COLLECTED DATA —
- - -
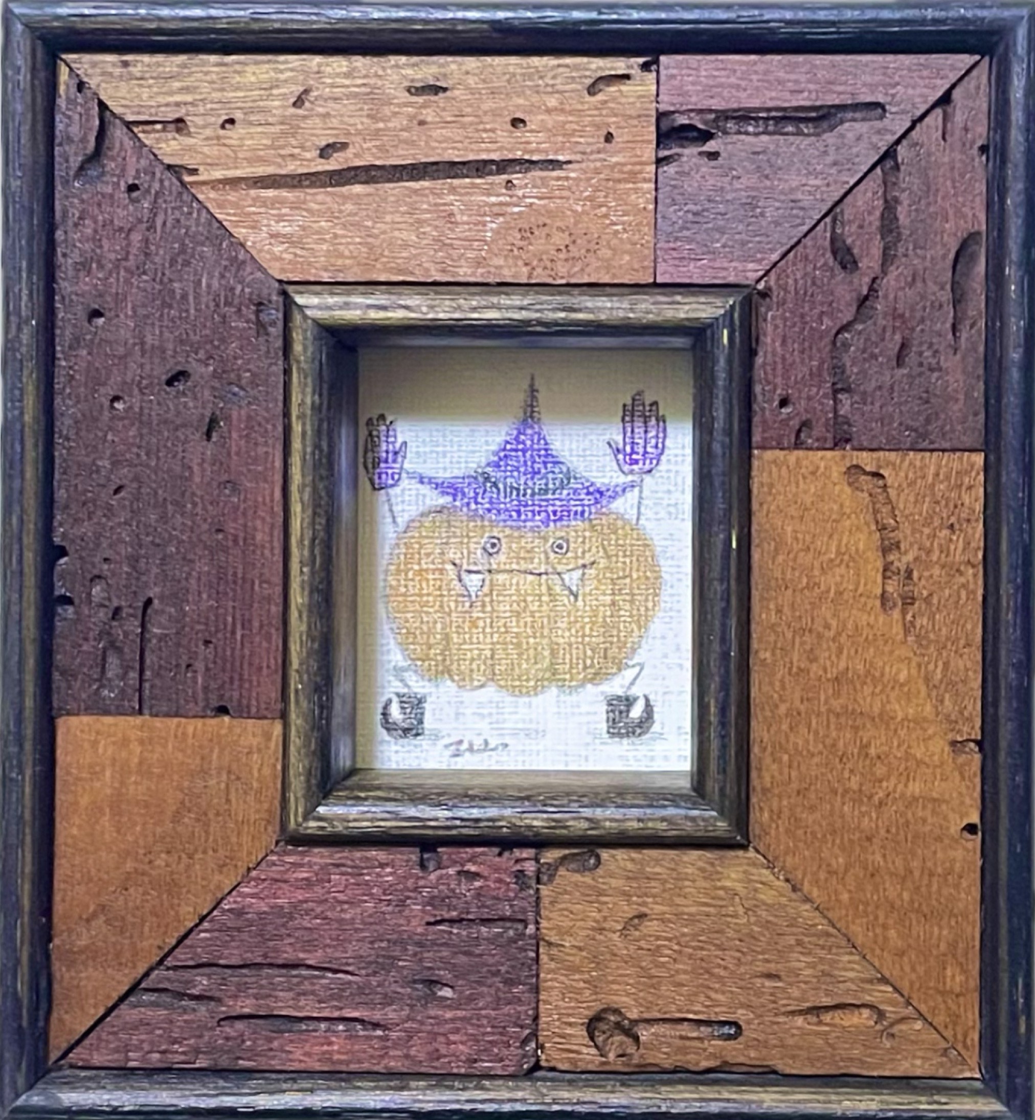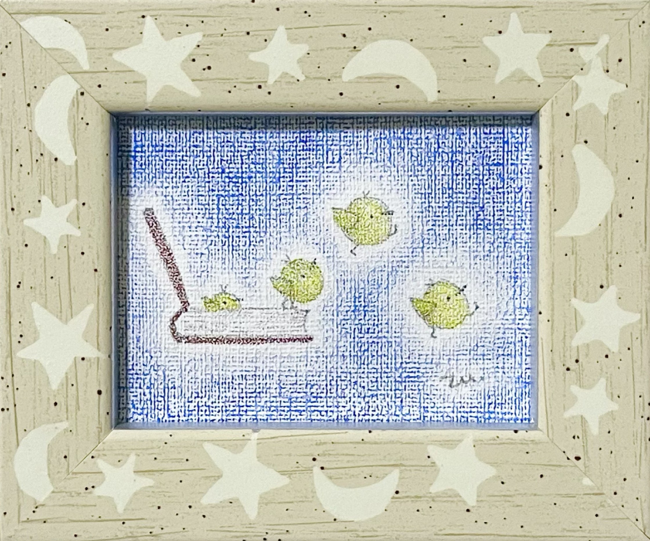作品サイズ /44×33mm 額外寸法/ 78×67mm/タントセレクト紙・0.03mmペン線画・色鉛筆
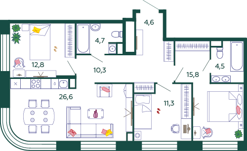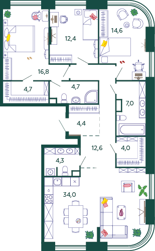 | 10.2 | Декабрь 2024 | 2 | 4 | 4 | 4 | 4 | 123.7 | 45 916 773 | без отделки | ![]() | 4 | ||
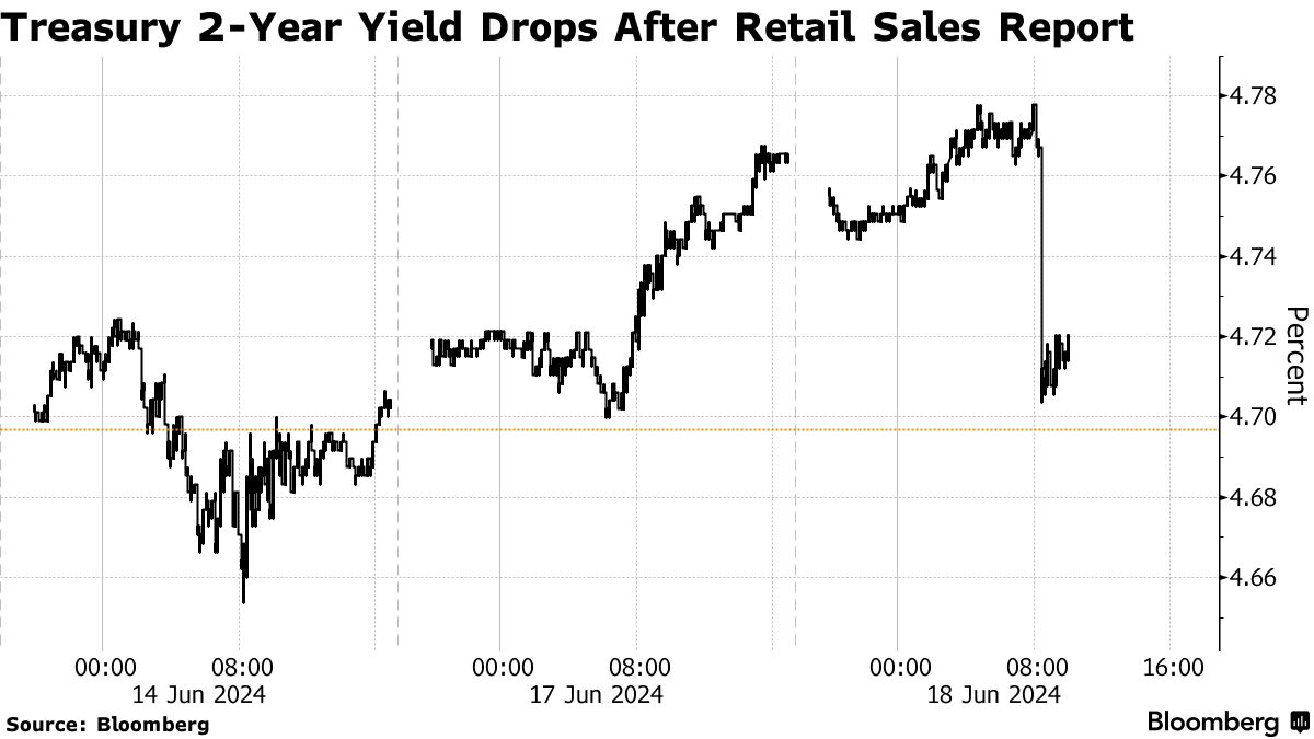 五月零售銷售低於經濟學家的預期,四月的數據也經過下調,這是最新證據顯示出新興消費者疲勞,這一情況在最近幾個交易日幫助國債市場反彈。與此同時,美國五月工業產值有所增長。週五,大多數期限的收益率達到了自四月初以來的最低水平。
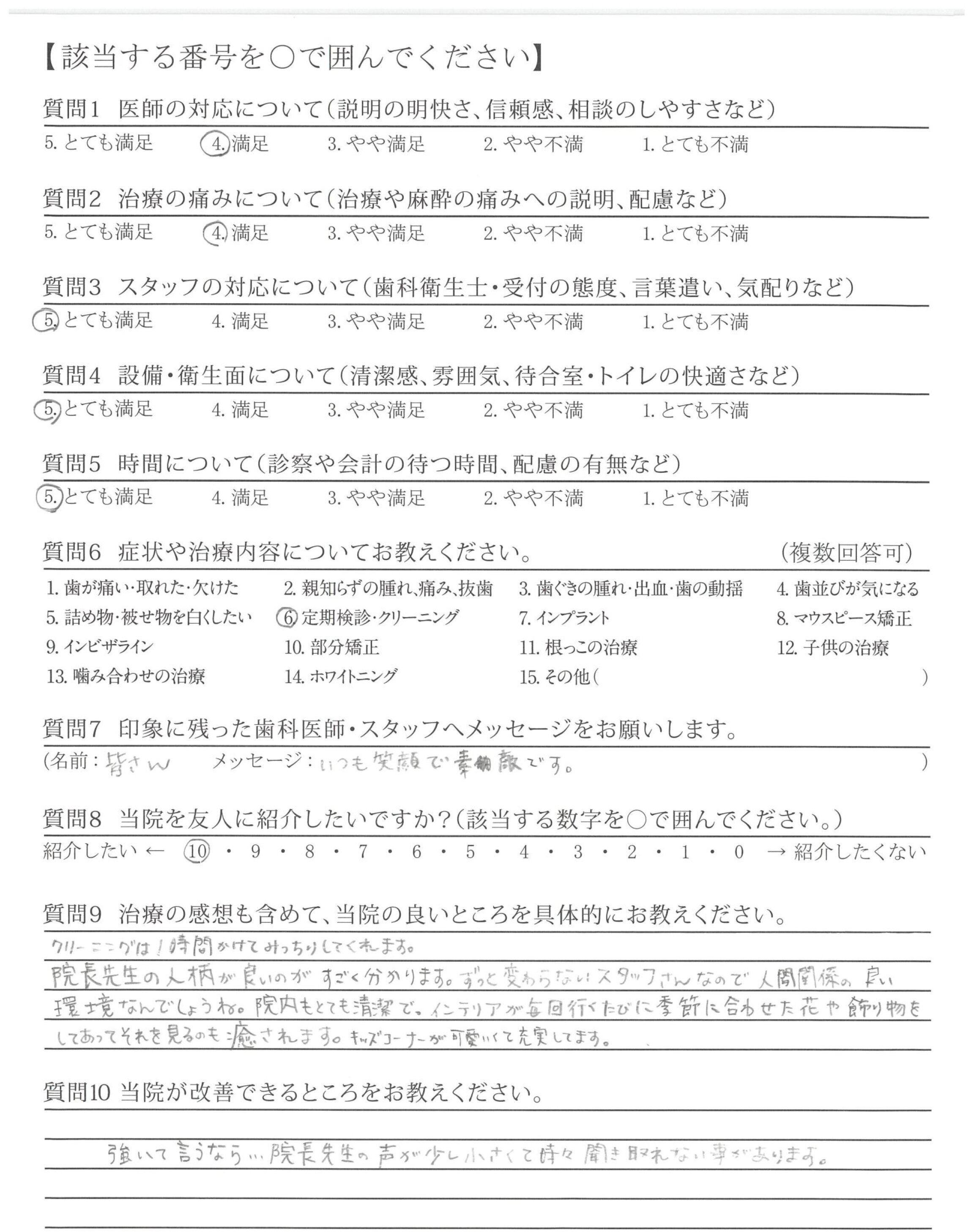 強いて言うなら...院長先生の声が少し小さくて時々聞き取れない事があります。
- - -
TRY IT —
What is needed is a word-for-word copy of the data, minus its pictures.

FINISHED EXERCISE —
作品サイズ /44×33mm 額外寸法/ 78×67mm/タントセレクト紙・0.03mmペン線画・色鉛筆
 | 10.2 | Декабрь 2024 | 2 | 4 | 4 | 4 | 4 | 123.7 | 45 916 773 | без отделки | ![]() | 4 | ||
 五月零售銷售低於經濟學家的預期,四月的數據也經過下調,這是最新證據顯示出新興消費者疲勞,這一情況在最近幾個交易日幫助國債市場反彈。與此同時,美國五月工業產值有所增長。週五,大多數期限的收益率達到了自四月初以來的最低水平。
 強いて言うなら...院長先生の声が少し小さくて時々聞き取れない事があります。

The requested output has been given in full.